• [INPUT MATERIAL]:
□ □ □ □

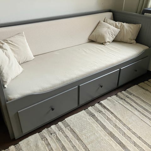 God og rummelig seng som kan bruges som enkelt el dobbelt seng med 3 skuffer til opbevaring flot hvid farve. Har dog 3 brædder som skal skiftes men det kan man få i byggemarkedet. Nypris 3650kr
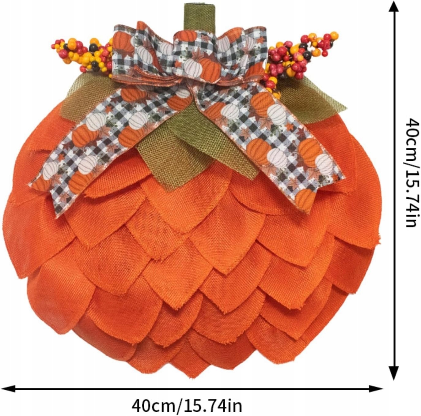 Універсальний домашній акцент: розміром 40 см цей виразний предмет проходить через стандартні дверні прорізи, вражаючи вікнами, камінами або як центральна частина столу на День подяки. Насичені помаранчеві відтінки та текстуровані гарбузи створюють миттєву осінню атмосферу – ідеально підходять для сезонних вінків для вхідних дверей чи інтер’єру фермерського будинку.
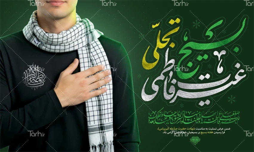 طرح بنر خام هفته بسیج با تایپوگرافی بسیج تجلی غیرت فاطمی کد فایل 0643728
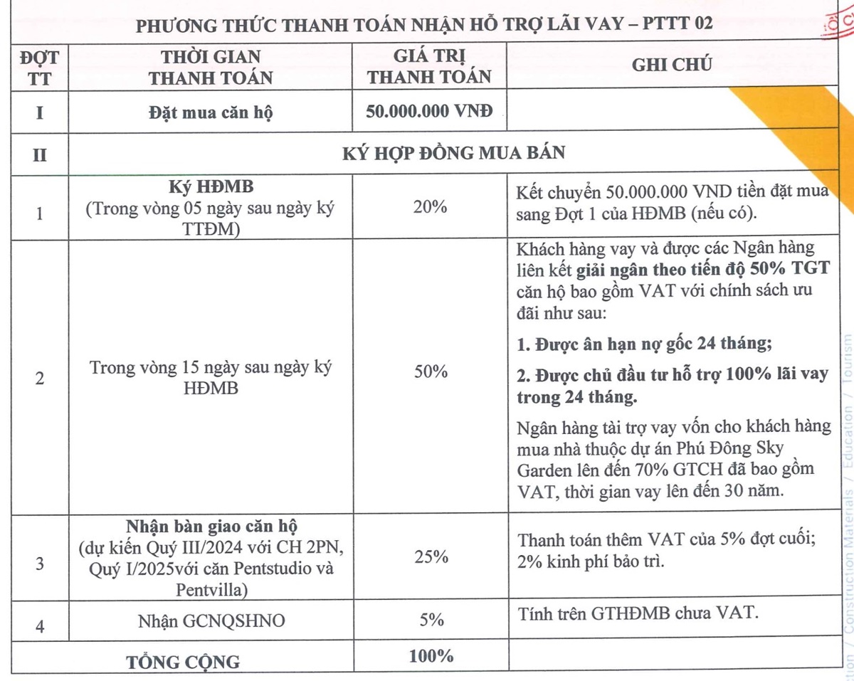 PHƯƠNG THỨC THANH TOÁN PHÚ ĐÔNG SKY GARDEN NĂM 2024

□ □ □ □

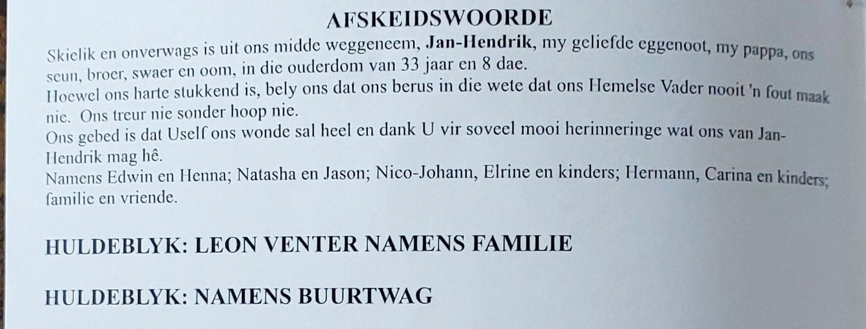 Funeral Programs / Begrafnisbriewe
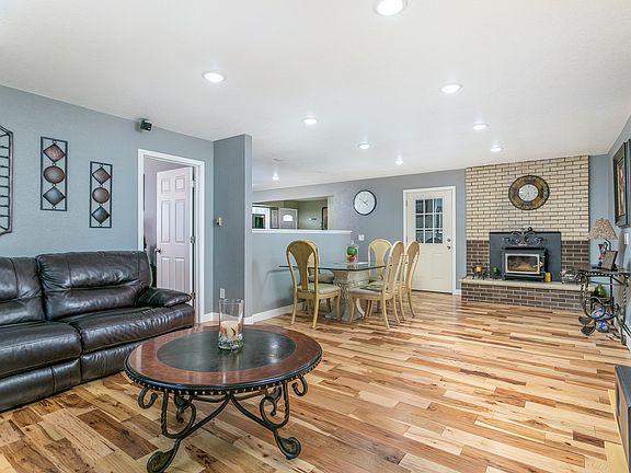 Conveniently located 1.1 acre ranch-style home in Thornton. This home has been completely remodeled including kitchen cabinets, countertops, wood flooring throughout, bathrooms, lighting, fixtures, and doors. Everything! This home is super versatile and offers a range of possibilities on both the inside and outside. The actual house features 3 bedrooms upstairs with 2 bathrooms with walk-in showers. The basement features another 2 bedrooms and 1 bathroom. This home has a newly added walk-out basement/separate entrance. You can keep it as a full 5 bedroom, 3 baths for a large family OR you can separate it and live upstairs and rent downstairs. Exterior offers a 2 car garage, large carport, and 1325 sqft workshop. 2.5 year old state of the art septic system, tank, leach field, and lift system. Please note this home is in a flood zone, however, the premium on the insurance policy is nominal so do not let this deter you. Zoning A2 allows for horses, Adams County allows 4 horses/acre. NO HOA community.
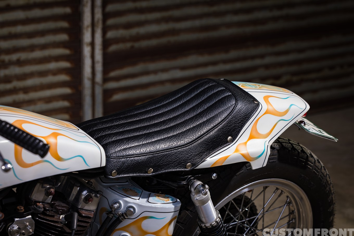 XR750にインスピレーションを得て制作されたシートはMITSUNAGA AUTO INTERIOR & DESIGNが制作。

□ □ □ □

• [WHAT YOU HAVE TO DO]: Of the lines above, copy only those from the one holding "God og rummelig" to the one holding "PHƯƠNG THỨC THANH", both included, and exclude every image.

• [WRITTEN SOLUTION]:
 God og rummelig seng som kan bruges som enkelt el dobbelt seng med 3 skuffer til opbevaring flot hvid farve. Har dog 3 brædder som skal skiftes men det kan man få i byggemarkedet. Nypris 3650kr
 Універсальний домашній акцент: розміром 40 см цей виразний предмет проходить через стандартні дверні прорізи, вражаючи вікнами, камінами або як центральна частина столу на День подяки. Насичені помаранчеві відтінки та текстуровані гарбузи створюють миттєву осінню атмосферу – ідеально підходять для сезонних вінків для вхідних дверей чи інтер’єру фермерського будинку.
 طرح بنر خام هفته بسیج با تایپوگرافی بسیج تجلی غیرت فاطمی کد فایل 0643728
 PHƯƠNG THỨC THANH TOÁN PHÚ ĐÔNG SKY GARDEN NĂM 2024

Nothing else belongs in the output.